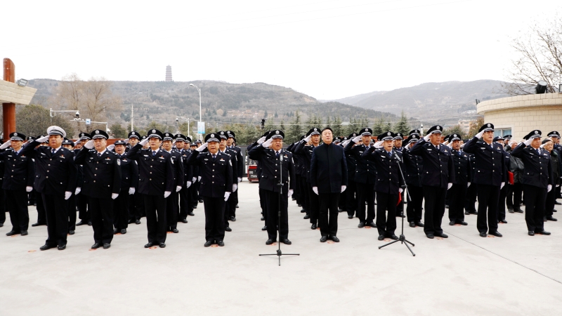 郭庆祥强调,全体民警要紧紧团结在以习近平同志为核心的党中央周围,高举习近平新时代中国特色社会主义思想伟大旗帜,增强“四个意识”、坚定“四个自信”、做到“两个维护”,始终以党的旗帜为旗帜,以党的方向为方向,以党的意志为意志,将忠诚的政治基因铸于警魂、融入血脉,让旗帜引领火热的实践,让使命点燃奋斗的激情;始终以警旗为指引,铸魂强基、擎旗奋进,以最强党性铸就忠诚之盾,以最严措施织密安全之网,以最硬作风恪尽维稳之责;始终以训词为号令,牢记嘱托、感恩奋进,高扬奋进之志、激荡奋进之力、永葆奋进之姿,全力护航山川秀美新甘肃建设,奋力谱写新时代天水公安工作新篇章,以忠诚使命、担当作为向党和人民交上一份满意的答卷。
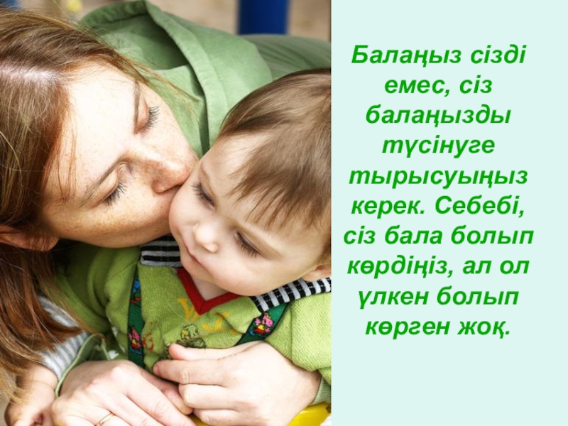 Слайд 11Балаңыз сізді емес, сіз балаңызды түсінуге тырысуыңыз керек. Себебі, сіз бала
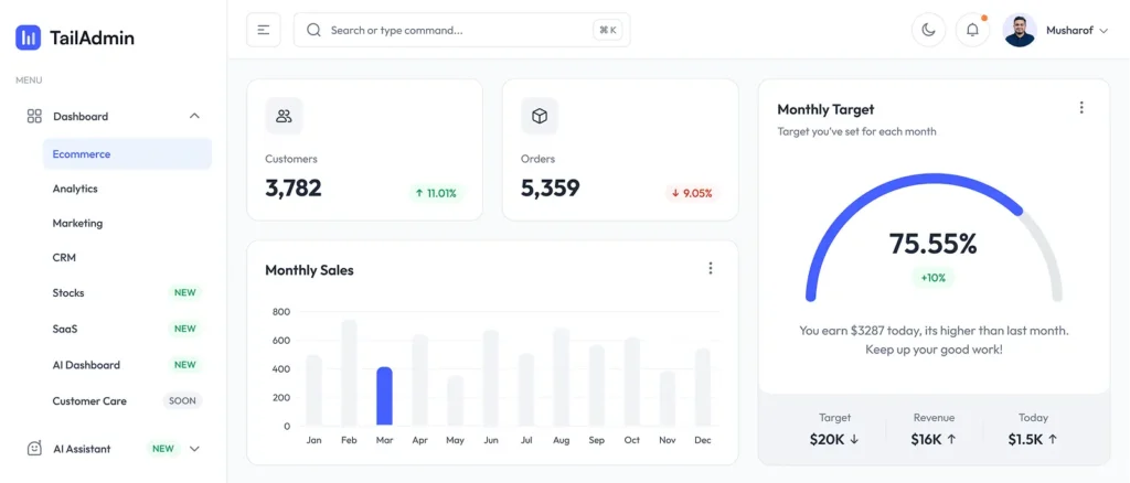 If you love the utility-first approach of Tailwind CSS, TailAdmin is an absolute must-have. This template provides a highly modular design built specifically for developers who want complete control over their styling without writing massive, custom CSS files.
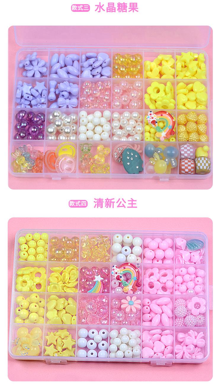 Nota: Las cuentas de 24 rejillas - Serie Hielo y Nieve, cuentas de 24 rejillas - Princesa Fresca, cuentas de 24 rejillas - Chica Deslumbrante, cuentas de 24 rejillas - Caramelo de Cristal estos cuatro estilos no vienen con colgantes, los colgantes en las imágenes son solo para fines fotográficos, si necesita agregar colgantes, ¡¡¡póngase en contacto con el servicio al cliente!!!

*WORK TASK:* In your copy, leave out the pictures and reproduce the material above exactly.

*SOLVED EXERCISE:*
 郭庆祥强调,全体民警要紧紧团结在以习近平同志为核心的党中央周围,高举习近平新时代中国特色社会主义思想伟大旗帜,增强“四个意识”、坚定“四个自信”、做到“两个维护”,始终以党的旗帜为旗帜,以党的方向为方向,以党的意志为意志,将忠诚的政治基因铸于警魂、融入血脉,让旗帜引领火热的实践,让使命点燃奋斗的激情;始终以警旗为指引,铸魂强基、擎旗奋进,以最强党性铸就忠诚之盾,以最严措施织密安全之网,以最硬作风恪尽维稳之责;始终以训词为号令,牢记嘱托、感恩奋进,高扬奋进之志、激荡奋进之力、永葆奋进之姿,全力护航山川秀美新甘肃建设,奋力谱写新时代天水公安工作新篇章,以忠诚使命、担当作为向党和人民交上一份满意的答卷。
 Слайд 11Балаңыз сізді емес, сіз балаңызды түсінуге тырысуыңыз керек. Себебі, сіз бала
 If you love the utility-first approach of Tailwind CSS, TailAdmin is an absolute must-have. This template provides a highly modular design built specifically for developers who want complete control over their styling without writing massive, custom CSS files.
 Nota: Las cuentas de 24 rejillas - Serie Hielo y Nieve, cuentas de 24 rejillas - Princesa Fresca, cuentas de 24 rejillas - Chica Deslumbrante, cuentas de 24 rejillas - Caramelo de Cristal estos cuatro estilos no vienen con colgantes, los colgantes en las imágenes son solo para fines fotográficos, si necesita agregar colgantes, ¡¡¡póngase en contacto con el servicio al cliente!!!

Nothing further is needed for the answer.